Please retype the entries that follow exactly as they are, leaving the images behind.

(Collection entries)
********

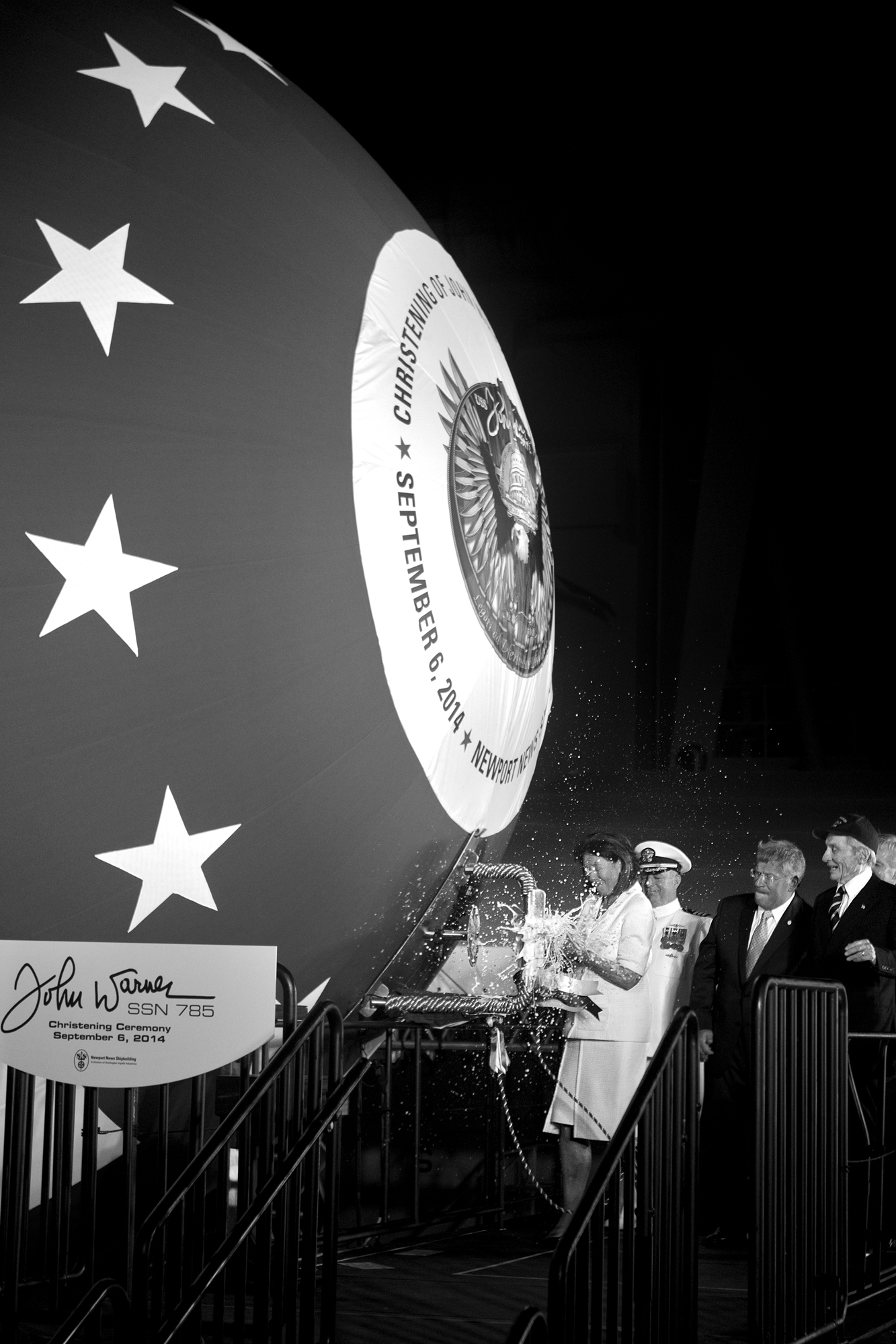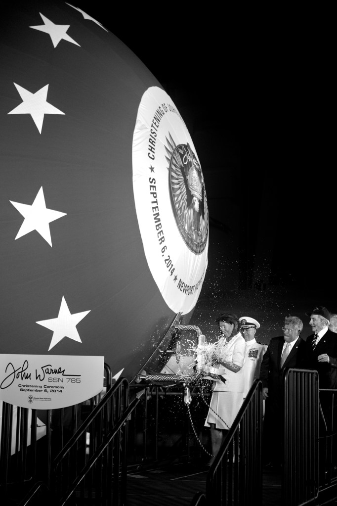 Christening Published June 1, 2015 at 1333 × 2000 in THE 2014 VNPA PHOTO CONTEST WINNERS GALLERY: News Picture Story Jeanne Warner christens the submarine John Warner SSN 785 Saturday evening at Newport News Shipbuilding.
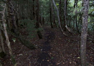 | 昼でも暗い樹林帯の道 | 八間山登山口 | 皇太子殿下の登山記念碑 | ||||||||||
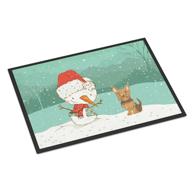 Carolines Treasures CK2098MAT 18 x 27 in. Yorkie Cropped Ears Snowman Christmas Indoor or Outdoor Mat
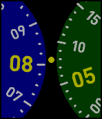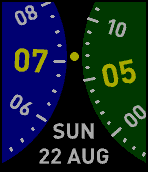 Hour & Minutes rotate opposite each other. Colors & date display is configurable.
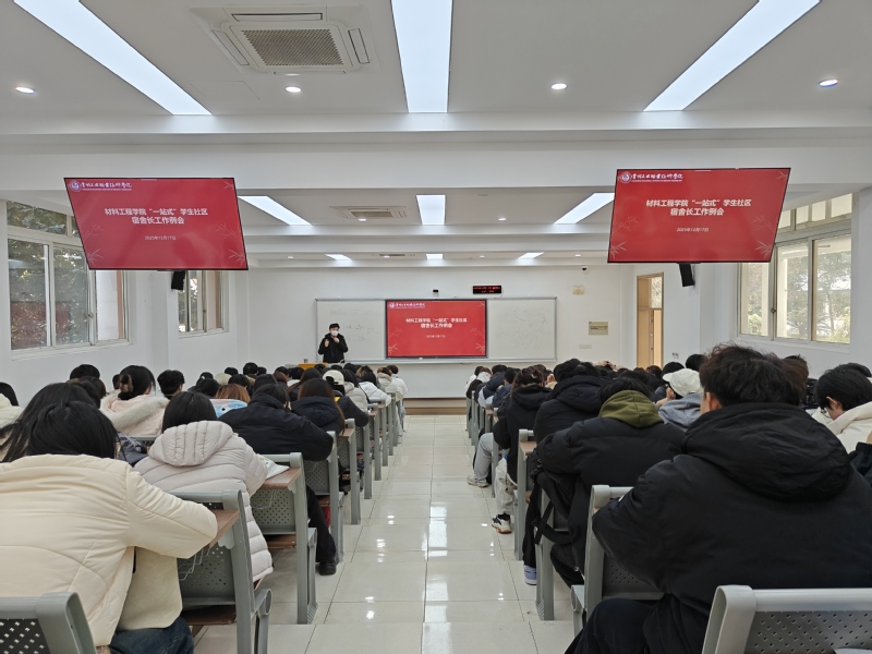 为进一步加强学生宿舍管理,营造安全、文明、和谐的社区环境,材料工程学院“一站式”学生社区于12月17日组织召开全体学生宿舍长工作例会。学院辅导员周宇以及各年级宿舍长共同参加了本次会议。会议旨在明确宿舍长职责,传达最新管理要求,并部署下一阶段宿舍文明建设的重点工作。
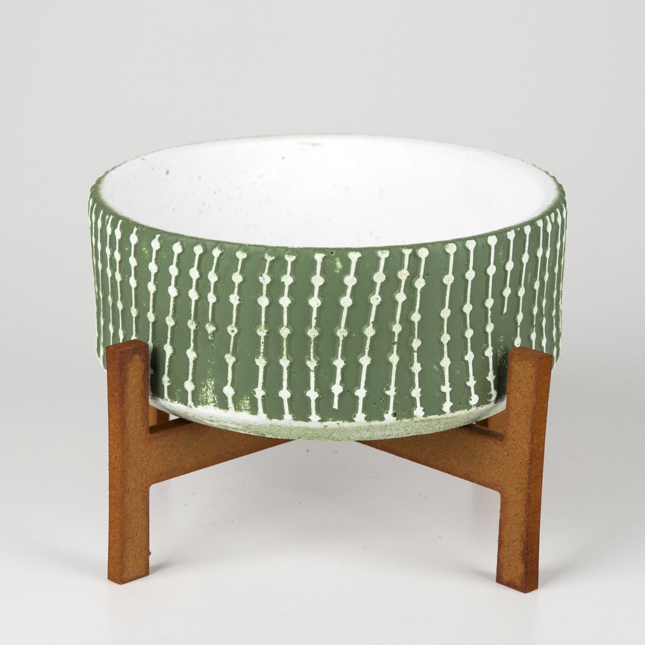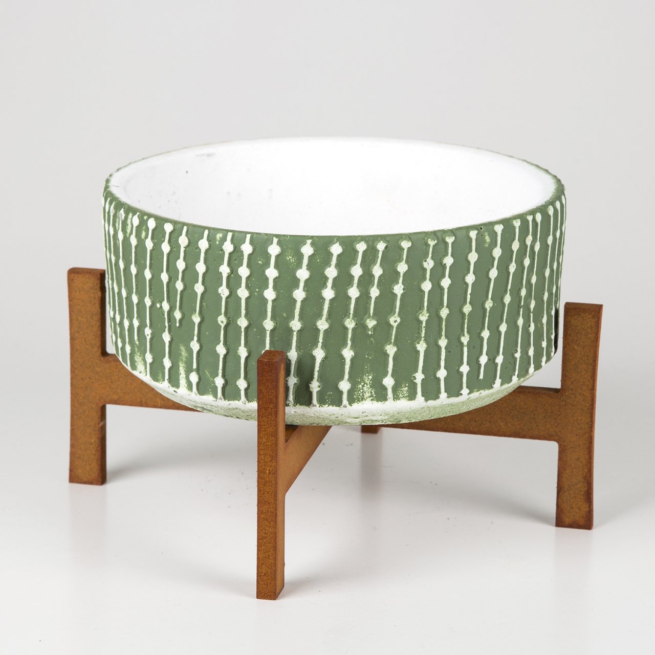 Çizgili Aranjman Yeşil Beton Saksı Ayaklı
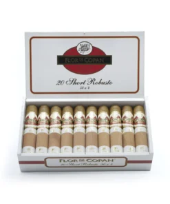 Flor De Copan Short Robusto: Cedar-wrapped handcrafted elegance with creamy wood, sweet nuttiness, and earthy coffee
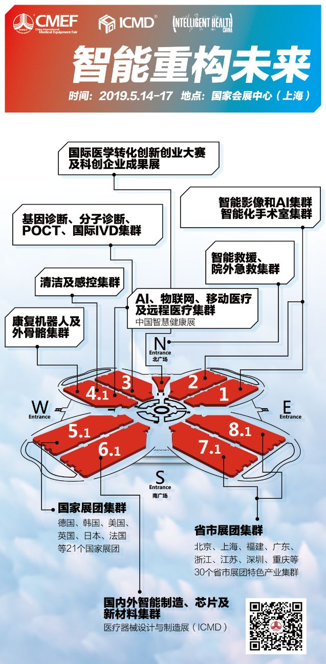未来已来,智能重构未来。以人工智能为核心的“智能技术”正成为医疗健康领域又一次重构与变革的开端。从人工智能对医疗行业生产力的提高、生产方式的改变到底层技术的驱动、再到医学诊断流程的优化、应用场景的不断拓展,各类智能技术正在以惊人的速度席卷医学健康的各个角落。CMEF作为全球医疗科技创新的“大本营”,致力持续发挥平台引领、创新、赋能、融合、共创、共享、共赢的价值理念和品牌影响力,以行业需求为导向,以科技创新为宗旨,携手实现跨越式大发展全球健康梦!2019年5月14-17日上海国家会展中心,更多CMEF现场亮点,等你来发现!
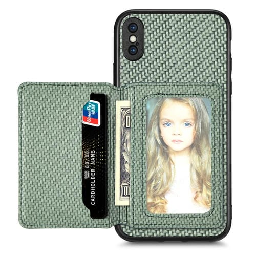 Funda de Teléfono para iPhone Xs Max con Bolsa de Tarjeta Magnética de Fibra de Carbono (Verde)
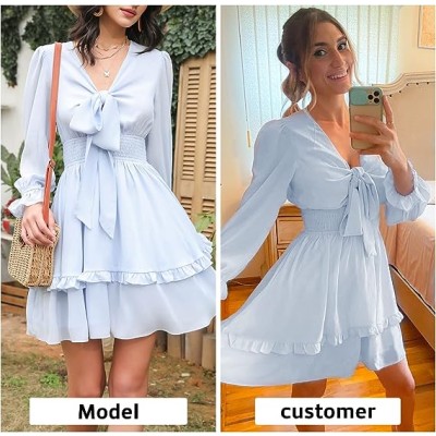 EXLURA Women Tie Front Elastic Waist Tiered Ruffle Layer Floral Balloon Long Sleeve V-Neck A-Line Mini Dress
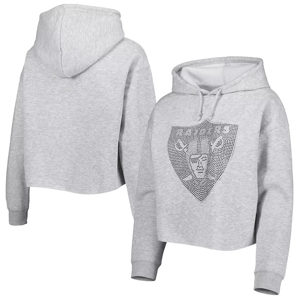 If you're searching for a stylish Las Vegas Raiders game day top, then look no further than this Crystal Logo pullover hoodie from Cuce. It features a radiant team rhinestone embellishment that lets your unwavering fandom shine to the rest of the world. The cropped hem is sure to make this fashionable piece your next go-to option for cheering on the Las Vegas Raiders.
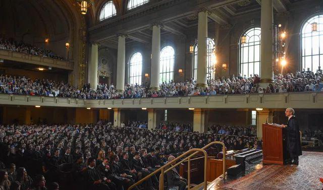 现在整个世界在你们面前,请你们携手慢移流浪的脚步,向世界带去你在耶鲁教育中获得的一切:虚心聆听,批判地参与,创造性地应对挑战和难关,在寻求幸福的同时接受你的责任,画一个更广阔的圈包容和理解这个世界。
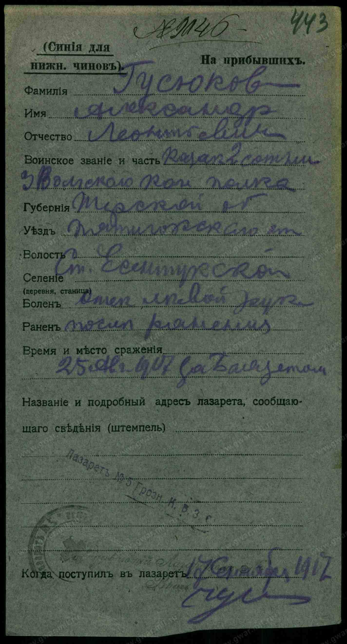 Гасюк Пётр Васильевич Терская обл. Ессентукская ст. ПС урядников 1869

********

(REPLY TO THE EXERCISE)
 Christening Published June 1, 2015 at 1333 × 2000 in THE 2014 VNPA PHOTO CONTEST WINNERS GALLERY: News Picture Story Jeanne Warner christens the submarine John Warner SSN 785 Saturday evening at Newport News Shipbuilding.
 | 昼でも暗い樹林帯の道 | 八間山登山口 | 皇太子殿下の登山記念碑 | ||||||||||
 Carolines Treasures CK2098MAT 18 x 27 in. Yorkie Cropped Ears Snowman Christmas Indoor or Outdoor Mat
 Hour & Minutes rotate opposite each other. Colors & date display is configurable.
 为进一步加强学生宿舍管理,营造安全、文明、和谐的社区环境,材料工程学院“一站式”学生社区于12月17日组织召开全体学生宿舍长工作例会。学院辅导员周宇以及各年级宿舍长共同参加了本次会议。会议旨在明确宿舍长职责,传达最新管理要求,并部署下一阶段宿舍文明建设的重点工作。
 Çizgili Aranjman Yeşil Beton Saksı Ayaklı
 Flor De Copan Short Robusto: Cedar-wrapped handcrafted elegance with creamy wood, sweet nuttiness, and earthy coffee
未来已来,智能重构未来。以人工智能为核心的“智能技术”正成为医疗健康领域又一次重构与变革的开端。从人工智能对医疗行业生产力的提高、生产方式的改变到底层技术的驱动、再到医学诊断流程的优化、应用场景的不断拓展,各类智能技术正在以惊人的速度席卷医学健康的各个角落。CMEF作为全球医疗科技创新的“大本营”,致力持续发挥平台引领、创新、赋能、融合、共创、共享、共赢的价值理念和品牌影响力,以行业需求为导向,以科技创新为宗旨,携手实现跨越式大发展全球健康梦!2019年5月14-17日上海国家会展中心,更多CMEF现场亮点,等你来发现!
 Funda de Teléfono para iPhone Xs Max con Bolsa de Tarjeta Magnética de Fibra de Carbono (Verde)
 EXLURA Women Tie Front Elastic Waist Tiered Ruffle Layer Floral Balloon Long Sleeve V-Neck A-Line Mini Dress
 If you're searching for a stylish Las Vegas Raiders game day top, then look no further than this Crystal Logo pullover hoodie from Cuce. It features a radiant team rhinestone embellishment that lets your unwavering fandom shine to the rest of the world. The cropped hem is sure to make this fashionable piece your next go-to option for cheering on the Las Vegas Raiders.
 现在整个世界在你们面前,请你们携手慢移流浪的脚步,向世界带去你在耶鲁教育中获得的一切:虚心聆听,批判地参与,创造性地应对挑战和难关,在寻求幸福的同时接受你的责任,画一个更广阔的圈包容和理解这个世界。
 Гасюк Пётр Васильевич Терская обл. Ессентукская ст. ПС урядников 1869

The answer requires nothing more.